**Directions**
Which lines run from the one containing "木田 幹千代さんを姓名の画数から五運を鑑定" through the last line of the records? Copy them exactly, leaving pictures out.

(Dataset records)
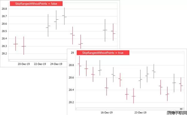 包含一个新的SkipRangesWithoutPoints选项。启用它可以自动排除所有没有数据点的轴范围。此功能对财务图表特别有用-您不再需要手动定义非工作日期间隔。
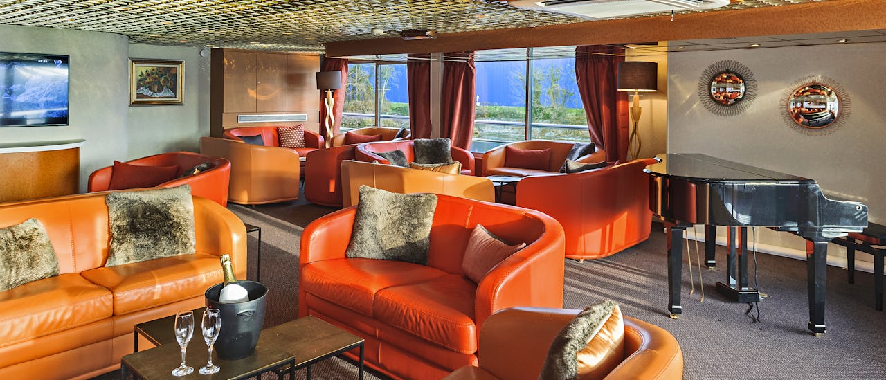 The tastefully decorated lounge is situated at the front of the ship and provides panoramic views. Here, you can enjoy cocktails, play games, dance, and partake in various forms of entertainment.
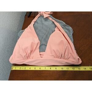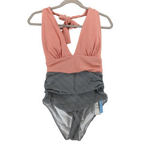 Cupshe One Piece Swimsuit M Pink Halter Plunging Neck Ruched Striped Bottom Swim
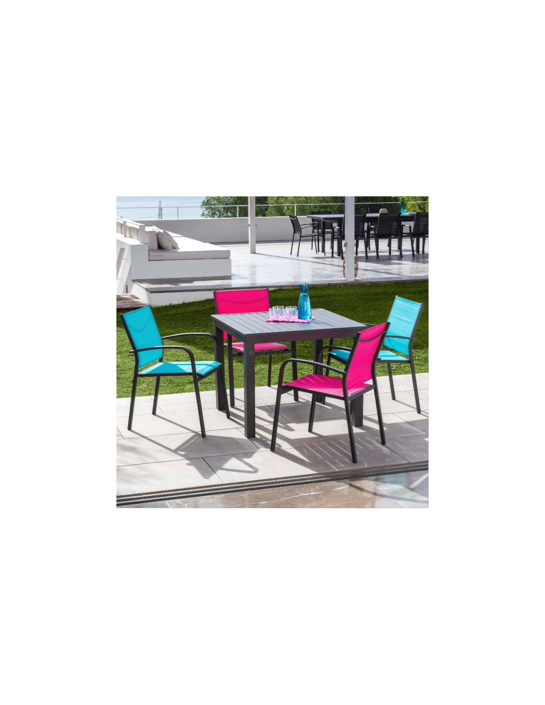 La table "Phuket" charme par son design sobre et contemporain, et par ses finitions soignées. Son pied massif é la base carrée lui assure une excellente stabilité tout en renforéant son look élégant, idéal pour une terrasse moderne.Dim : L. 65 x P. 65 x H. 74 cmLa table "Phuket" charme par son design sobre et contemporain, et par ses finitions soignées....
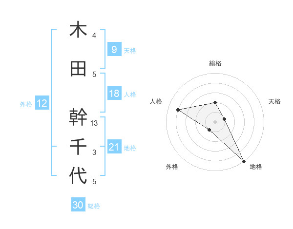 木田 幹千代さんを姓名の画数から五運を鑑定
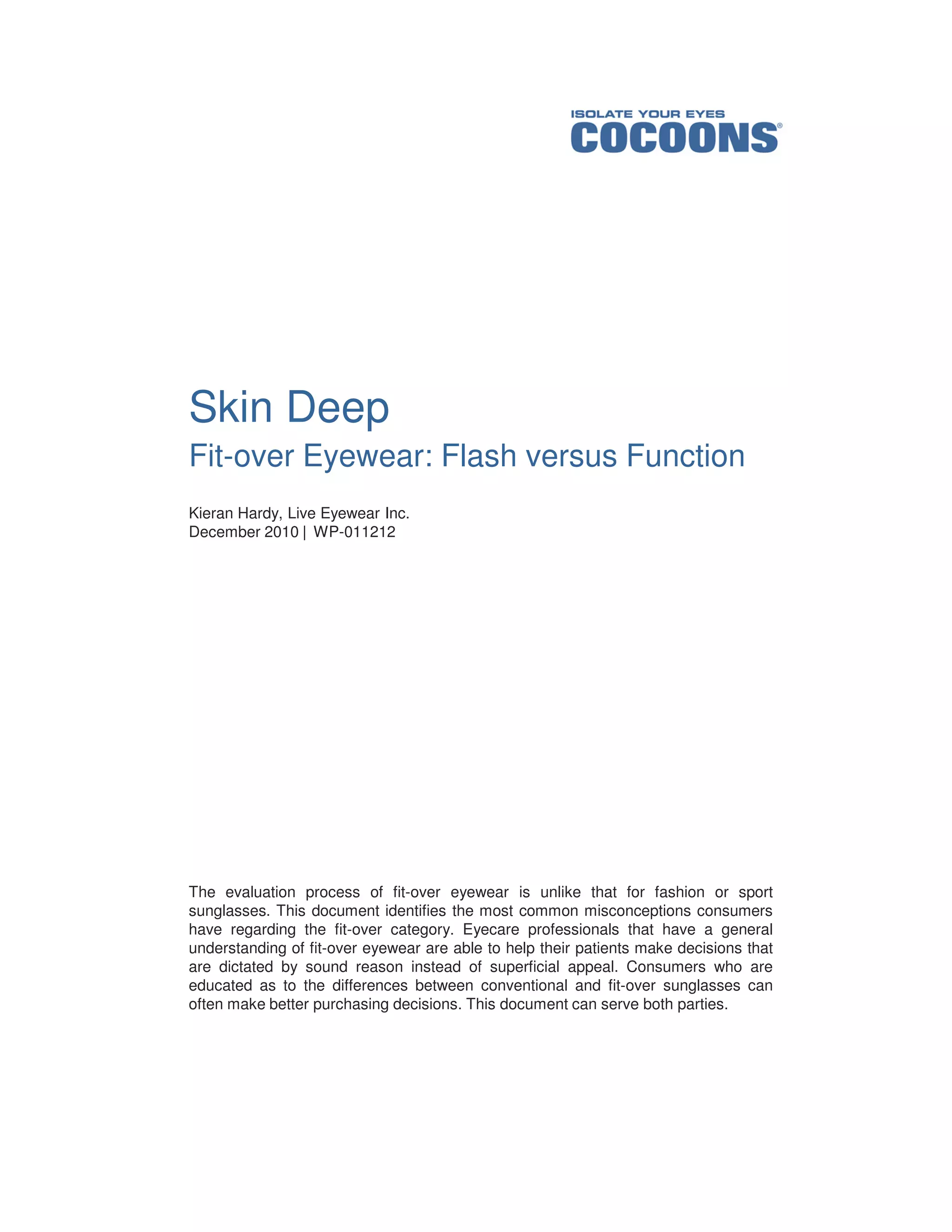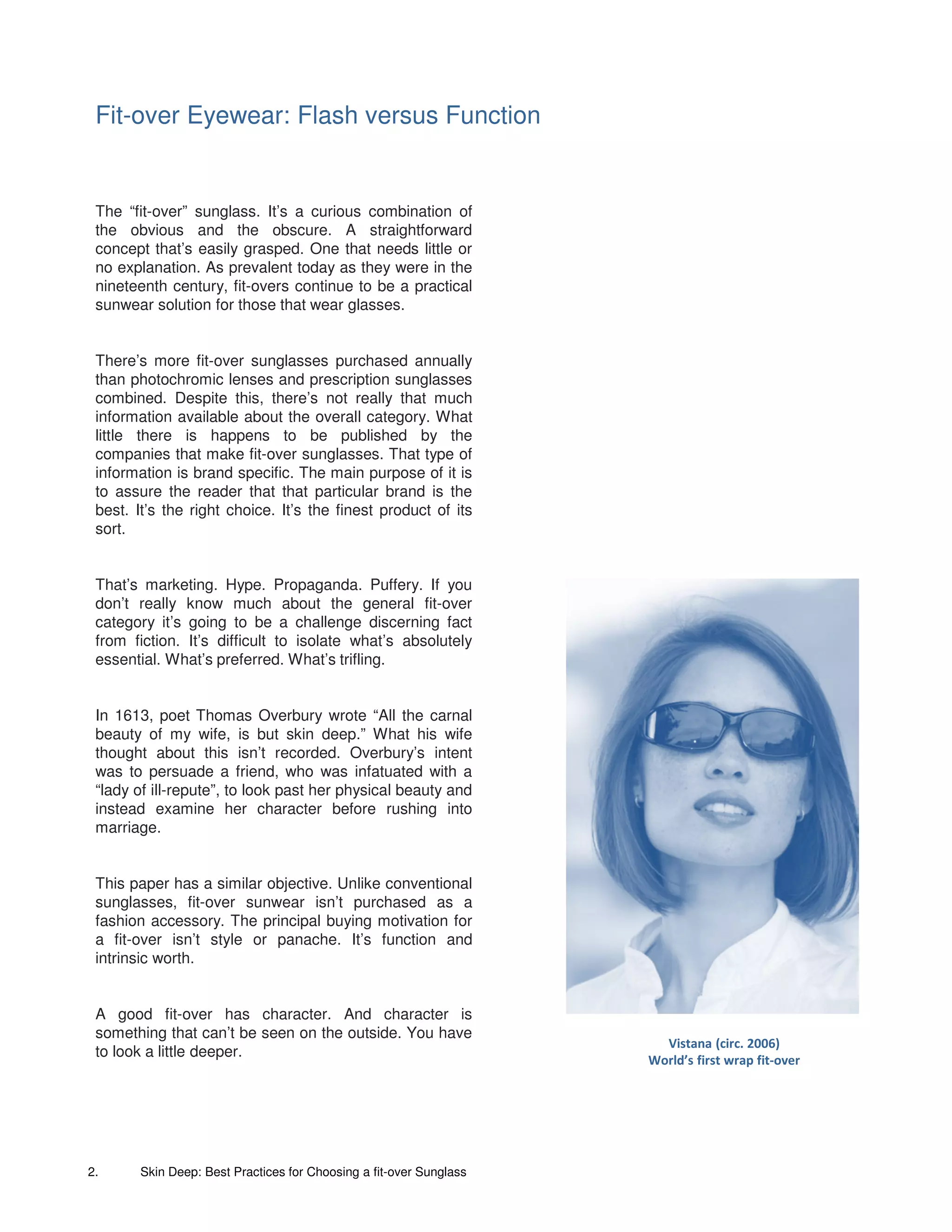 This document provides an overview of important considerations for choosing a fit-over sunglass. It discusses how fit-over eyewear is different from conventional sunglasses in that function is prioritized over fashion. The frame material and design are essential, with malleability and an undercarriage being key characteristics. A soft, flexible material is important for comfort of the "ride" when worn over prescription glasses. The document aims to educate consumers and eyecare professionals on evaluating fit-over sunglasses based on performance characteristics rather than superficial attributes.

**Result of this task**
 木田 幹千代さんを姓名の画数から五運を鑑定
 This document provides an overview of important considerations for choosing a fit-over sunglass. It discusses how fit-over eyewear is different from conventional sunglasses in that function is prioritized over fashion. The frame material and design are essential, with malleability and an undercarriage being key characteristics. A soft, flexible material is important for comfort of the "ride" when worn over prescription glasses. The document aims to educate consumers and eyecare professionals on evaluating fit-over sunglasses based on performance characteristics rather than superficial attributes.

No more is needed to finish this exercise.